İş Cinayetlerine Karşı Vicdan Nöbetine Çağrı
Geçtiğimiz Pazar (20.05.12) günü sitemizde de çağrı yaptığımız üzere, yakınlarını iş kazalarında kaybeden aileler “Artık Yeter” demek için Taksim meydanında bir araya geldi.
Kimi ailelerin çocuklarıyla, kimilerinin kaybettikleri yakınlarının fotoğraflarıyla geldikleri protestoda, önce Van Bayram Otel’de ölen gazeteci Cem Emir’in kız kardeşi Sinem Emir basın açıklamasını okudu.
Ardından yakınlarını kaybedenlerden bazıları söz alıp, duygularını, düşüncelerini, acı ve öfkelerini paylaştılar.
Davutpaşa’da oğlunu kaybeden Adnan Saday “Sen işçi olarak, memur olarak beraber mücadele edersek, sosyal devlet anlayışı o zaman gelir, yoksa patronlar bize daha çok tekme vurur” derken, tamire gittiği direkte elektriğe çarpılıp hayatını kaybeden taşeron Bedaş işçisi Erkan Keleş’in kayınbiraderi Temel Şen zor ve duygusal bir konuşma yaptı.

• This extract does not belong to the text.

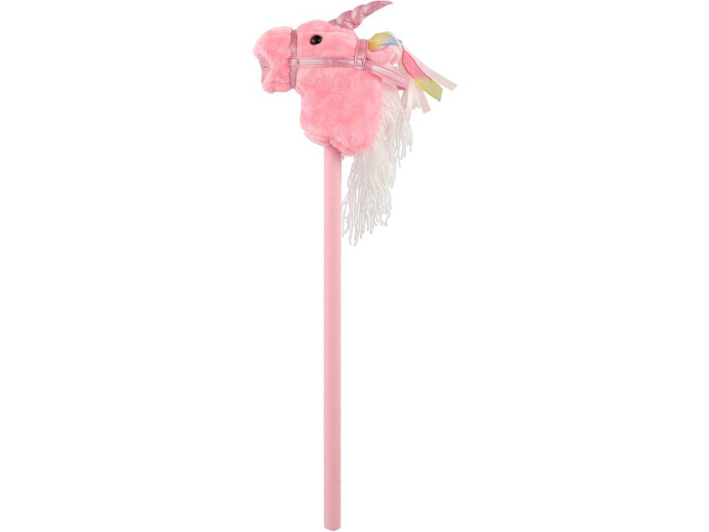 Plyšový kůň jednorožec růžový na tyči, celková délka 80cm, koňská hlava na baterie, se zvukem.
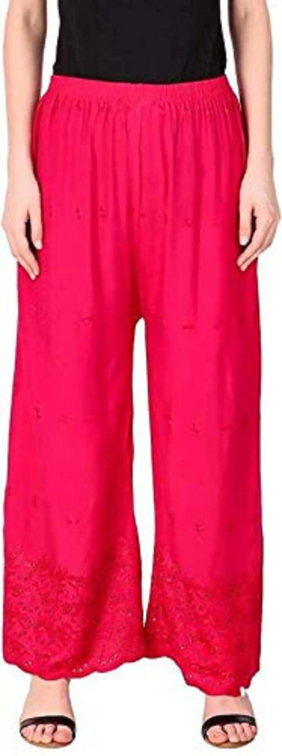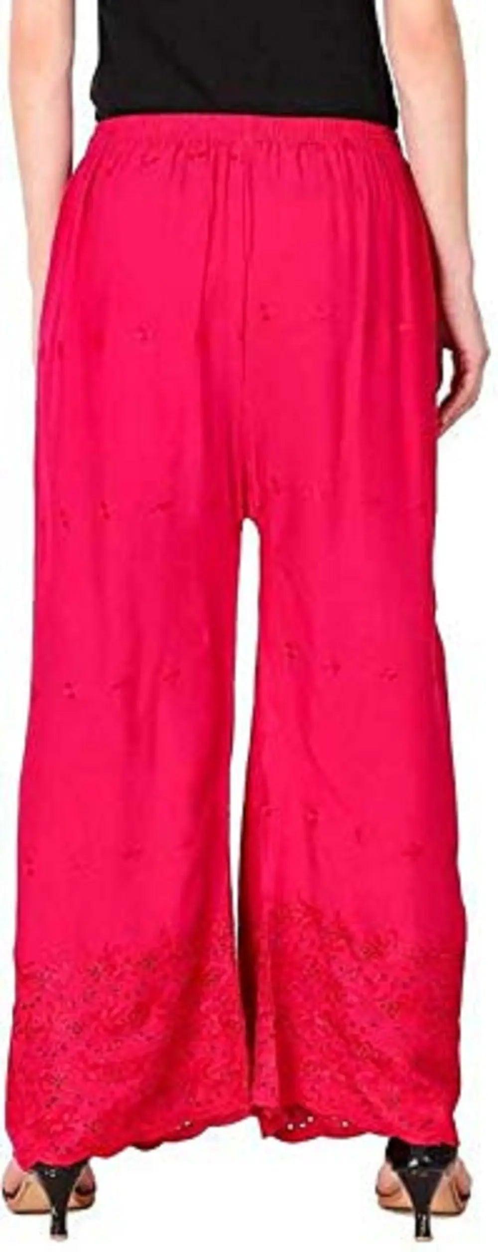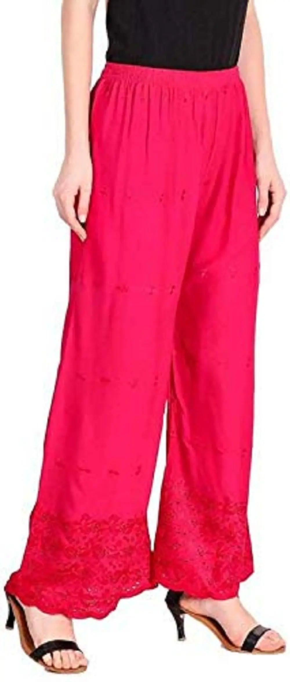 Singhania Woman's Rani Pink Reyon Chiken Embroidery Plazzo

Herkesin ortak çağrısı: İşverenlerin kar hırsı, devletin denetleme sorumluluğunu yerine getirmemesi ve suçluları doğru dürüst cezalandırmaması sebebiyle iş cinayetleri durmuyor ve böyle giderse de durmayacak. Bunun için bu sözün büyümesi, vicdan sahiplerince sahiplenilmesi, büyütülmesi ve görevlerini yapmamakta ısrar eden tüm yetkililere baskı yapılması gerektiğini söylediler.

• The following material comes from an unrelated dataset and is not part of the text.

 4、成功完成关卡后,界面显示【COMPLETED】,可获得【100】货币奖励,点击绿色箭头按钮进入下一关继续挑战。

Bundan sonra her hafta Galatasaray Meydanı’nda Pazar günleri Saat: 13:00’da bir saatlik vicdan nöbeti tutmaya başlayacaklarını duyurdular.
Basın açıklamalarından notlarımız aşağıdadır:
“Bizler Davutpaşa’da, Ostim’de, Van Bayram Otel’de, Bedaş’ta, Esenyurt’ta, Sultanbeyli’de, Marmaray’da, Bursa’da, Erzurum’da ve daha nice iş cinayetlerinde hayatını kaybetmiş işçilerin yakınlarıyız.

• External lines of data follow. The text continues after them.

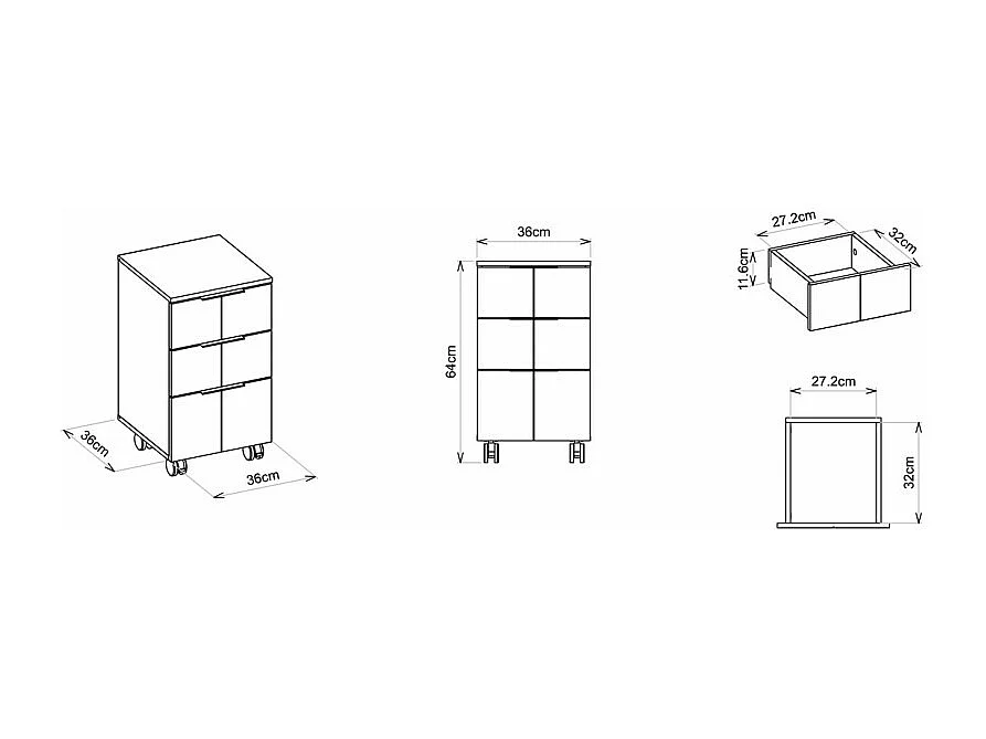 Caisson Roulant 3 Tiroirs Gris Mat 4 Roulettes L 36 H 64 P 36 cm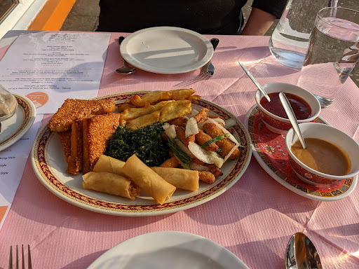 Now onto the good stuff. About 6 parking spaces on site, and on road parking. On entry we were well greeted and a nice table, decor is OK but could do with a tidy up. Air con so was nice and cool to sit in. Staff are great, always there when you need them and really attentive.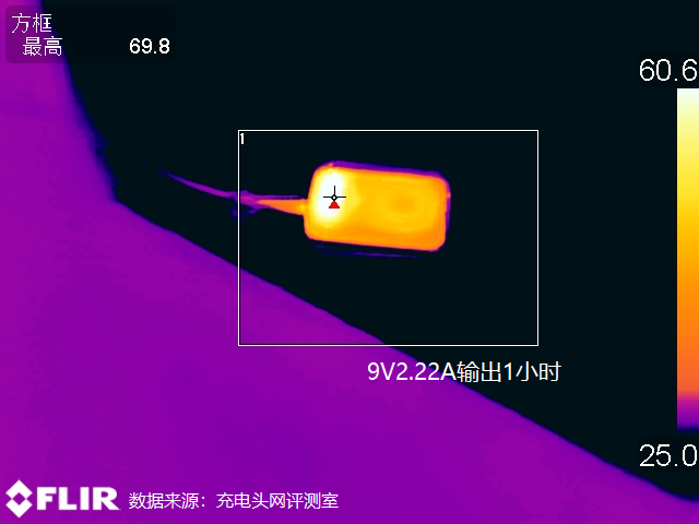 之所以会有输出效率是因为充电宝在工作时内部会涉及到升降压输出,损耗的部分往往以热量的形式散发出来,所以此次也增设了对充电宝温度方面的测试。测试条件为让充电宝以9V2.22A 20W的功率持续满载输出1小时后采集表面的温度,测试基于25℃的恒温箱内进行。

Acılarımızın sebebi açık. İşverenlerin kar hırsı nedeniyle işçi hayatını önemsememesi. Ve işçi güvenliğine dair önlemler almaması. Yetkililerin ise yasal mevzuat hükümleri açık ve orta iken denetim görevlerini yerine getirmemesi.
İşte bu nedenledir ki; iş kazası değil… Israrla cinayet diyoruz…
… Bugüne kadar bütün sorumluların yargılanması için mücadele ettik. Adalet mücadelesinde gördük ki olay sadece denetim görevlerini yapmamakla sınırlı kalmıyor. Bilirkişi raporları ve yasal mevzuat görevini yapmayanların yargılanması gerektiğini söylerken, idari üst kurumlar sorumluların yargılanmasına izin vermiyor.
Denetlemiyorlar, ölüyoruz, sorumlu oldukları tespit edildiği halde yargılatamıyoruz. …
Kim ne yaparsa yanına kar kaldığı, adeta “çalışıyorsan ölebilirsin” anlamına gelen bir olağanlığa dönüştüğü çalışma koşullarında işçi ölümleri durabilir mi? Nitekim de durmuyor.
Bizler bu idrake varmış ve adalet mücadelesini sürdüren aileler olarak bu sorumsuzlukların işçilerin kaderi olmaması için bir yandan adalet mücadelelerimizi sürdürürken diğer yandan her duyduğumuz içi ölümünde yüreğimiz bir kez daha kan ağlıyor.
Biz de söz bitti diyoruz artık. Vicdan sahibi herkesin bu gerçeği görmesi ve bu gerçeğe sağır da kör de olmamalı diyoruz. Bu haftadan itibaren “iş cinayetlerine dur diyebilmek için vicdan nöbeti”ne başlıyoruz.
Bugüne kadar görevini yerine getirmeyen hükümet görevlilerine, sendikalara, meslek odalarına, siyasi partilere sesleniyoruz. ARTIK YETER!
Mahkemelere, hakimlere, savcılara, bilirkişilere sesleniyoruz ARTIK YETER!
Ve biliyoruz ki, bizler ARTIK YETER demedikçe canımızın yangınını ve öfkemizi görünür kılmadıkça kimse kendiliğinden hareket etmiyor.
Her hafta Galatasaray Meydanı’nda Pazar günleri Saat: 13:00’da bir saatlik VİCDAN NÖBETİMİZİ tutmaya devam edeceğiz.
İş cinayetlerinde hayatını kaybedenlerin ve yaralıların yakınları adına
Arzu Cesur, Hakkı Güleç, İdris Çabuk, Adnan Saday, Yücel Çavuşoğlu, Mustafa Keleş, Nihat Gürer, Sibel Kavak.